<![CDATA[]> in XML tags - php

I have an XML file that is parsed with a PHP file. I have to include a lot of "Special" characters which need CDATA in order to parse correctly.
Is there a way to tell my PHP file to read all the tags as if there was a block at the begging and and of the tag?
As of right now for every XML tag a create i have to put a CDATA block:
<tag><![CDATA[blah.......]]></tag>
Is there a way to set it up where I don't have to write CDATA every time for evey tag in my XML?

You haven't told us specifically what "special characters" you're referring to, but I'm assuming you mean some kind of accented characters, or characters in a non-latin alphabet, etc?
In most cases the problem can be solved by outputting the document using the UTF-8 character set.
In the remaining cases, it can be solved by using XML entities -- eg  .
Both of these are better solutions than using CDATA.

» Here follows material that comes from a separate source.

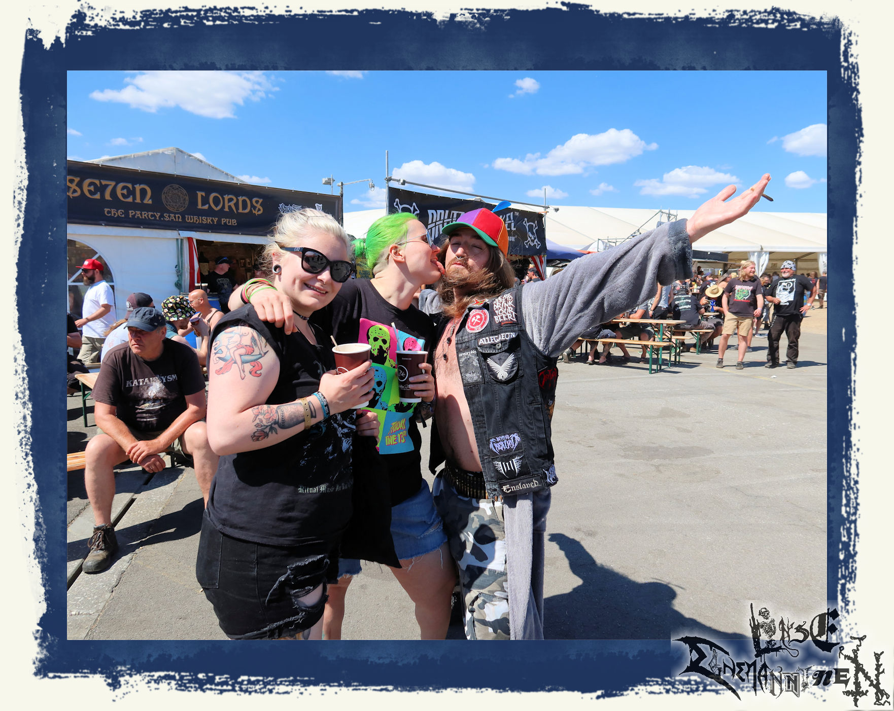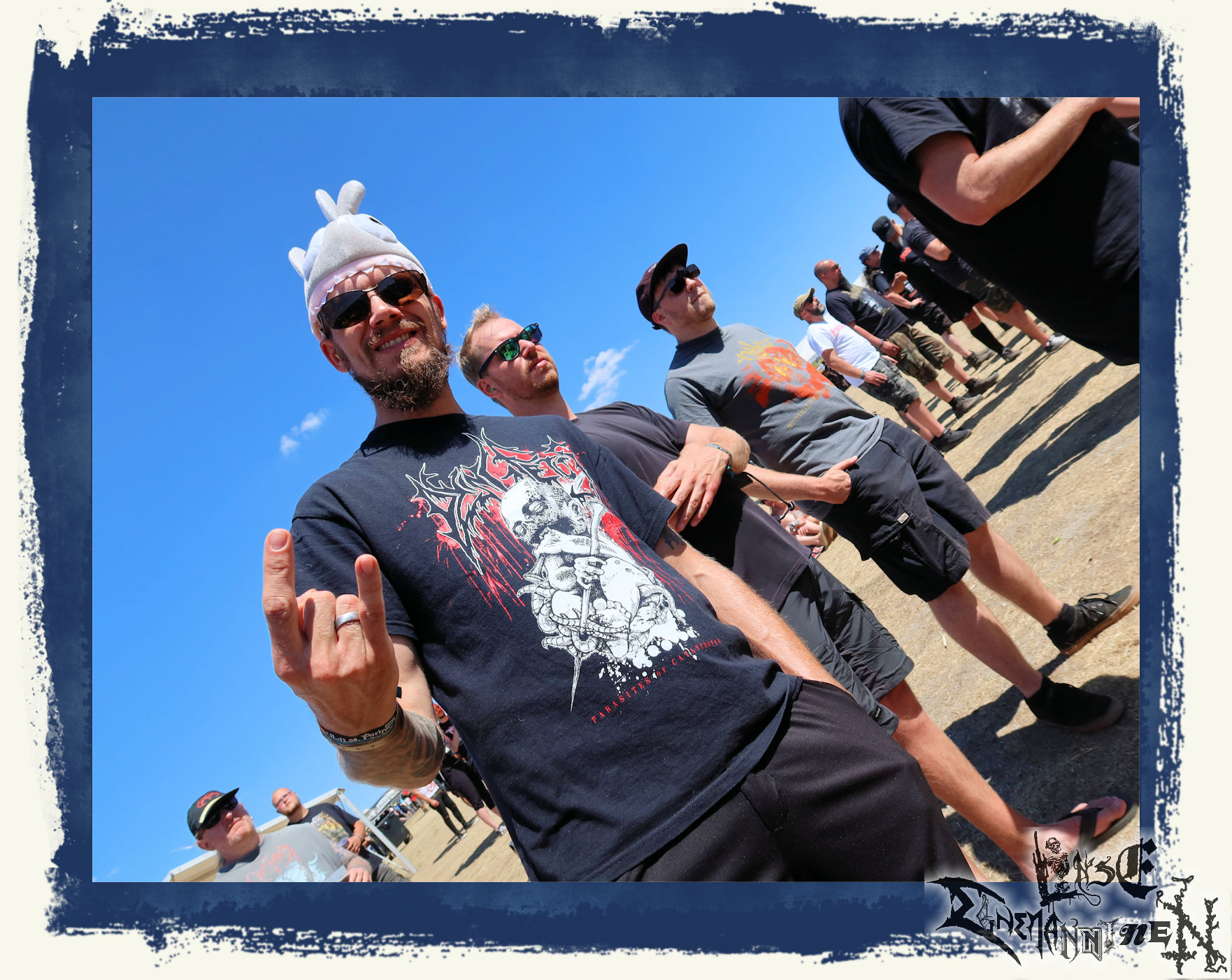 Tag zwei, die Nachwirkungen des gelungenen Auftaktes halten sich in Grenzen. Aber wer nicht gerade über ein hitzeabweisendes "Fresh & Black"-Zelt, verfügt, der macht an diesem Wochenende ab 08:00 Uhr morgens kein Auge mehr zu, denn Hitze und Sonne kennen an diesem Wochenende keine Gnade. Aber alles Jammern hilft nichts. Wohl dem, der einenPavillion als Sonnenschutz für´s Frühstück hat. Anschließend noch ein paar Drinks, Siesta und *klingelingeling* findet man sich auch schon vor der Hauptbühne wieder. KADAVERFICKER mit einem gewissen Goreminister am Mikro dürfen heute den Reigen pünktlich um High Noon eröffnen. Die PARTY.SANEN lassen sich einmal mehr nicht lange zum Tanze bitten. Es wird bunt vor der Bühne. Die Sonne macht albern, die Ficker machen auch ohne musikalischen Tiefgang gute Laune und bereiten somit das Feld für drei Schwergewichte, deren Positionierung auf dem Billing nicht nur bei mir zunächst für Verwunderung sorgte.

CDATA is a bad idea! There's a number of problems with it. What you should do instead, is use htmlspecialchars() for every value.
Alright.. Hold your downvotes! Here are some issues with CDATA.
First, the easy one: You cannot escape the ]]> sequence. This may not seem like a huge deal, but if you are picking any method for 'escaping character sequences', you really should pick one where every single sequence is escapable.
Now for the big one: CDATA is often used as a hack to inject Latin1 data into a UTF-8 document. People figure, I have an escaping problem in XML, so I will use CDATA as a workaround.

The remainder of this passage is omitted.